Molecular Characterization of the SUMO-1 Modification of RanGAP1 and Its Role in Nuclear Envelope Association



Rohit Mahajan, Larry Gerace, and Frauke Melchior

Department of Cell Biology, The Scripps Research Institute, La Jolla, California 92037

The mammalian guanosine triphosphate (GTP)ase-activating protein RanGAP1 is the first example of a protein covalently linked to the ubiquitin-related protein SUMO-1. Here we used peptide mapping, mass spectroscopy analysis, and mutagenesis to identify the nature of the link between RanGAP1 and SUMO-1. SUMO-1 is linked to RanGAP1 via glycine 97, indicating that the last 4 amino acids of this 101– amino acid protein are proteolytically removed before its attachment to RanGAP1. Recombinant SUMO-1 lacking the last four amino acids is efficiently used for modification of RanGAP1 in vitro and of multiple unknown proteins in vivo. In contrast to most ubiquitinated proteins, only a single lysine residue (K526) in RanGAP1 can serve as the acceptor site for modification by SUMO-1. Modification of RanGAP1 with SUMO-1 leads to association of RanGAP1 with the nuclear envelope (NE), where it was previously shown to be required for nuclear protein import.
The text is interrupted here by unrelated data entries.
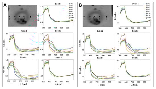The thermally-damaged zone has been explored by analyzing the spectral information in correspondence with the center and boundary of the target. In particular, the study involved the calculation of the areas under the spectral curves for the four wavelength ranges (hereinafter referred as spectral integrals). The analysis has been performed for points belonging to both the center and boundary of the target and for each test (Figure 3).
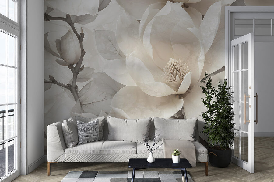 Képzelje el, hogy belép egy szobába, és úgy érzi, mintha egy békés magnóliakertbe csöppent volna, anélkül, hogy elhagyta volna a házát. Ez a lágy, tompa tónusú, elegáns magnóliákat ábrázoló falfestmény olyan, mint egy nyugtató suttogás, amely azonnal nyugalomba burkolja a teret. Tökéletes, amikor kedvenc könyvét szeretné olvasni, vagy egy csésze meleg teát kortyolgatni egy lassú délutánon. A virágok annyira élethűek, hogy talán elfelejted, hogy nem 3D-sek! Ideális mindenkinek, aki szereti a természetet, de nincs zöld hüvelykujja. Csak ígérd meg, hogy nem fogod megöntözni!
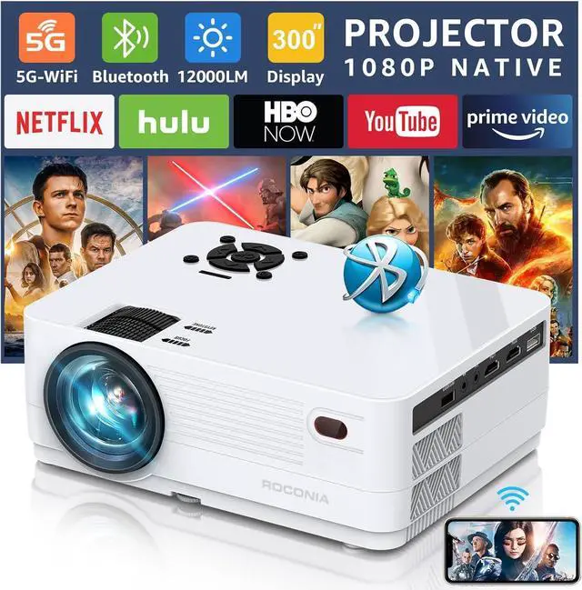 5G WiFi Bluetooth portable projector uses a newly upgraded low-consumption LED light source, high-quality materials, and exquisite manufacturing technology. It supports 4K, native 1920*1080P resolution, 12000 lumens brightness, and 10000:1 contrast ratio. The 300 large screen provides stunning projection images. Not only the 4K video projector protects your eyes, but the picture quality is also clearer and more delicate. It provides you with a movie-watching experience.
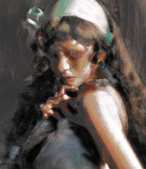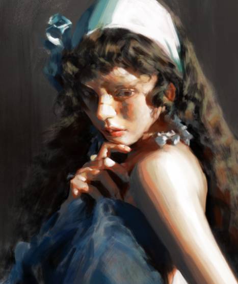 06、整理转折面。经过上面五个步骤,画面所有的调子就全部铺完了,剩下就是整理一下人物的结构转面就可以了。塑造方式和素描一样。
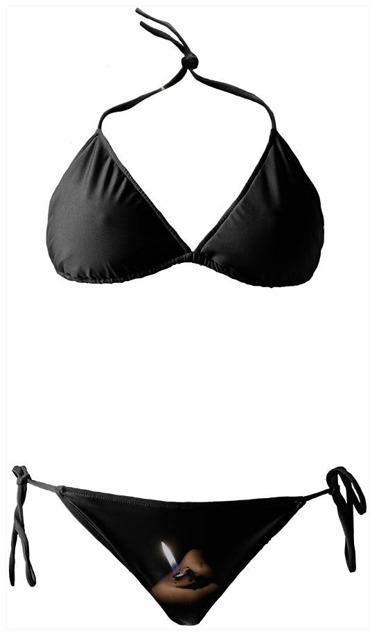 String bikini with ties at the neck bust and hips. Throw it in a bag and head to the beach!
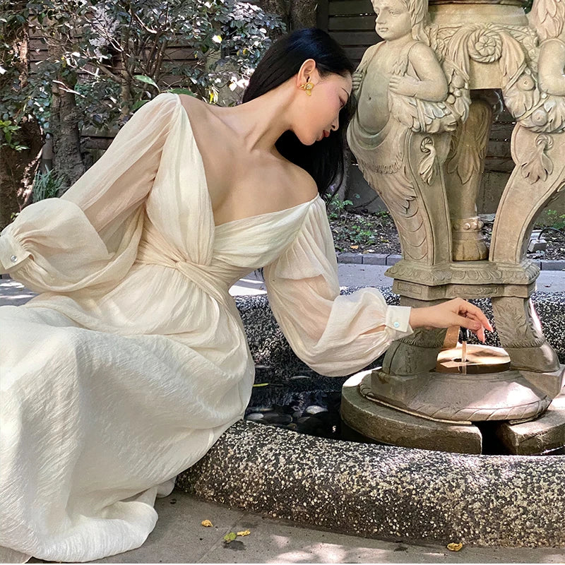 qgtao Vintage Korean V-neck Pleated Maxi Dresses for Women Ladies Party Fringed Lace Puff Sleeve Ruffled Lady Dreses Elegant Summer
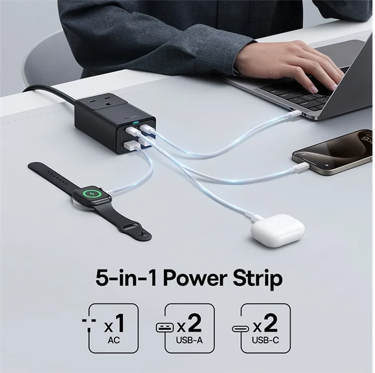 مخرج 5 في 1: خيارات الشحن AC+2*USB+2*Type-C توفر شحنًا فرديًا للأجهزة المختلفة في وقت واحد
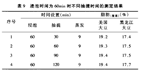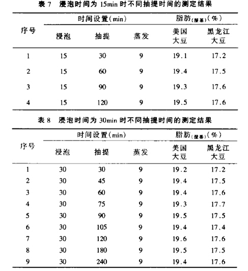 從表3-6中可以看出,浸泡時間的長短對測定結果的影響并不明顯,浸泡的目的就是讓樣品中的油脂擴散到溶劑中,在抽提過程中,油脂就可以順利地從試樣中分離出來。用自動脂肪測定儀測定大豆脂肪含量,浸泡時間為30min可以滿足實驗的要求,過多地延長浸泡時間沒有太多的意義。
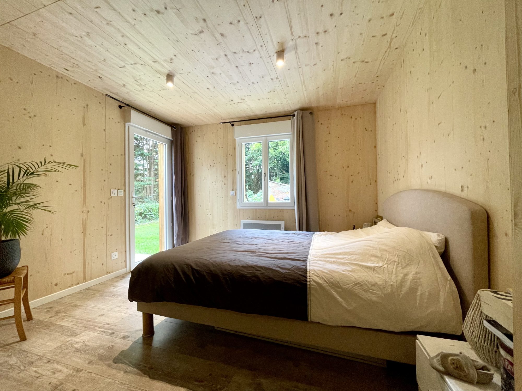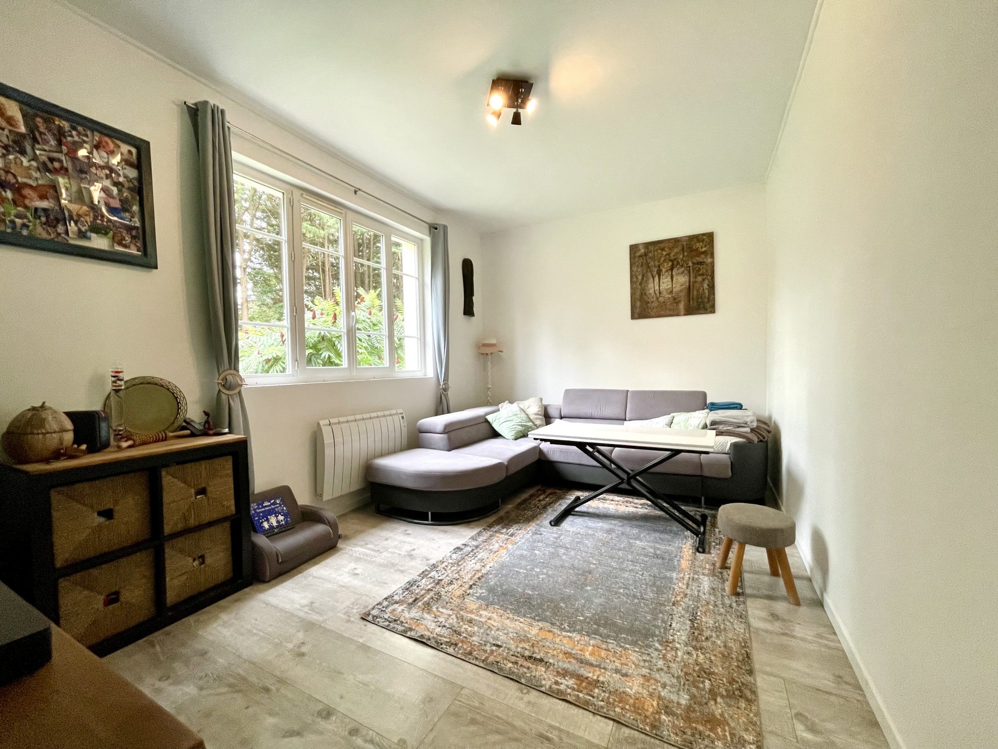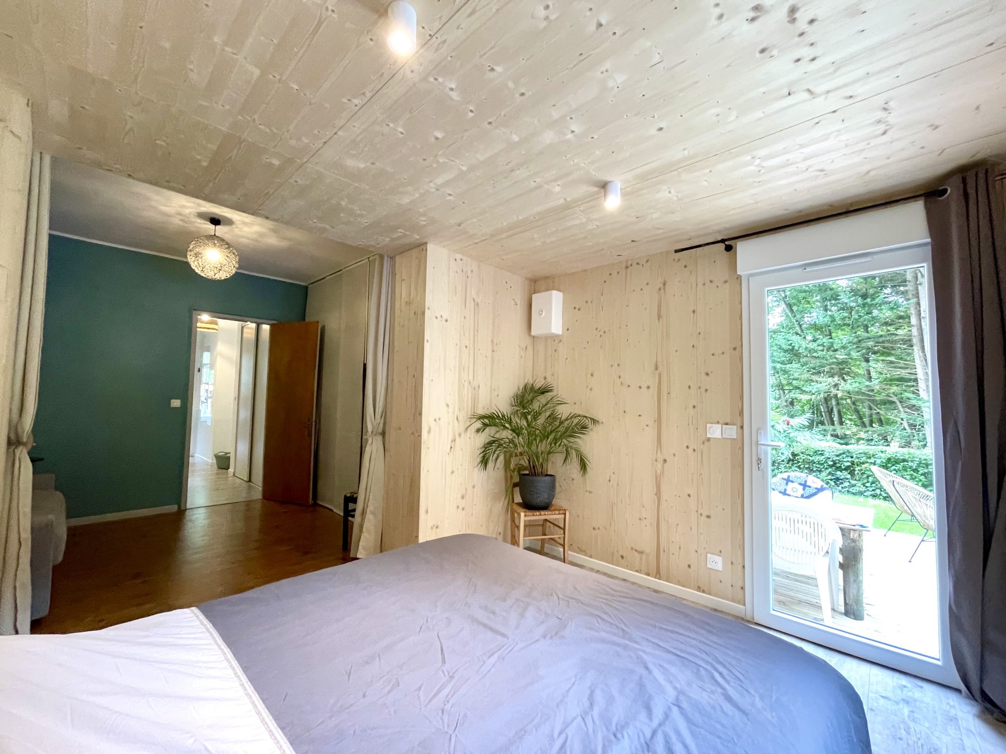 A l'étage une grande chambre de 15 m² et petite chambre mansardée.
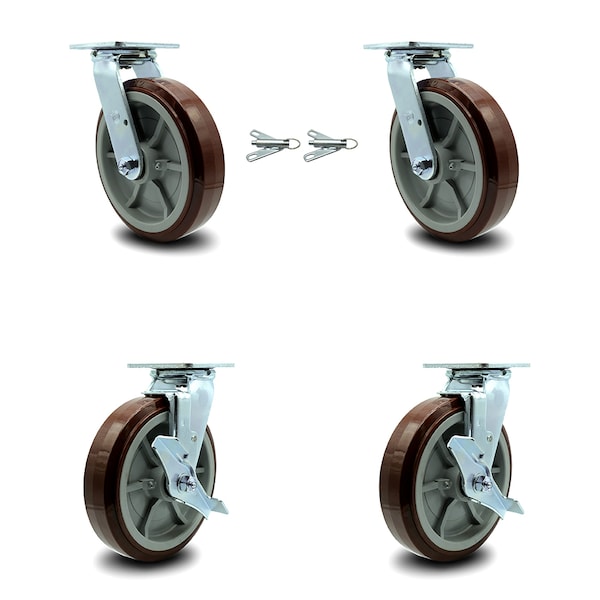 8 Inch Polyurethane Caster Set with Roller Bearings 2 Swivel Lock 2 Brake SCC
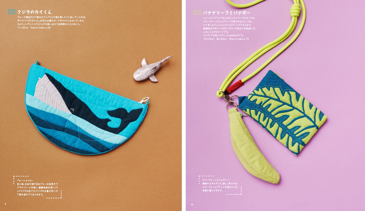 PROLOGUE 色とデザイン/スマイルポーチ、クジラのカイくん、バナナリーフとバナポー、ブルーブルー、ハートのモンステラ、空飛ぶマンタ、トライバルマンタのトートバッグ、踊るモンゴウイカ、スカシカシパン、ころんとポーチ、ちびっとバッグ、ジャングルポーチ、キルトでピクト、丸で北斎バッグ、丸に波、丸に波と勇魚、トライバル・キーケース、タパ柄ソーイングケースとニードルブック、エンベロープ、バッグの中からあら!バッグ、やさしいトライバルのフォリオ、パソコンも連れてって、ウルとラウハラのタペストリー、ウルとラウハラのバッグ&ポーチ、チューベローズのタペストリー、チューベローズのランチボックス/ポーチの中身はなあに、材料について/Lesson1 ハワイアンキルトの基本、Lesson2 波のポーチを作ってみましょう/作品の作り方、実物大型紙
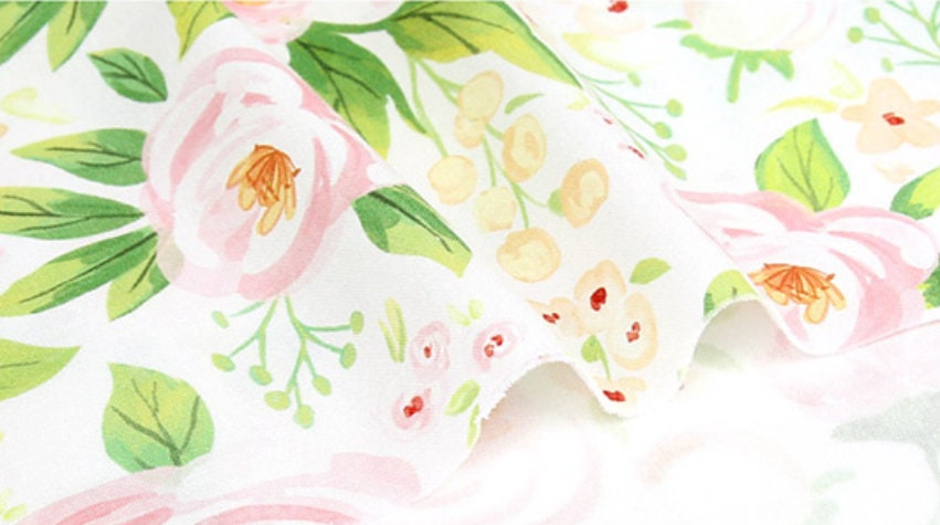 水彩バラ柄生地 - 韓国生地
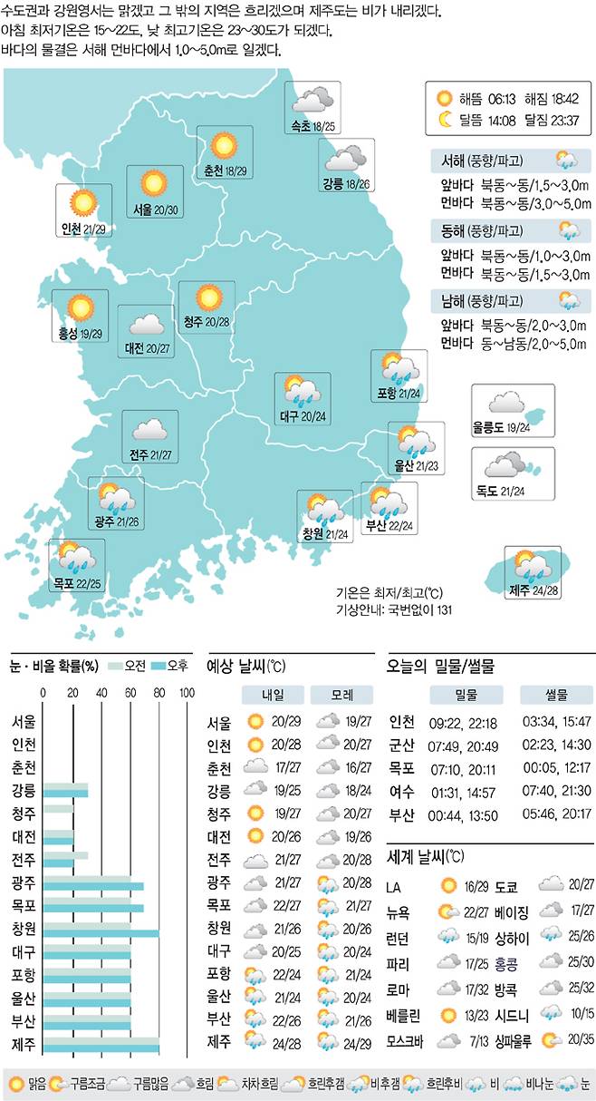 [14일의 날씨] 중부 맑은하늘, 남부 비구름

Sufficient information for modification and targeting resides in a 25-kD domain of RanGAP1. RanGAP1–SUMO-1 remains stably associated with the NE during many cycles of in vitro import. This indicates that removal of RanGAP1 from the NE is not a required element of nuclear protein import and suggests that the reversible modification of RanGAP1 may have a regulatory role.


Abbreviations used in this paper: GST, glutathione-S-transferase; HA, hemagglutinin; NE, nuclear envelope; NPC, nuclear pore complex; RT, room temperature; wt, wild type.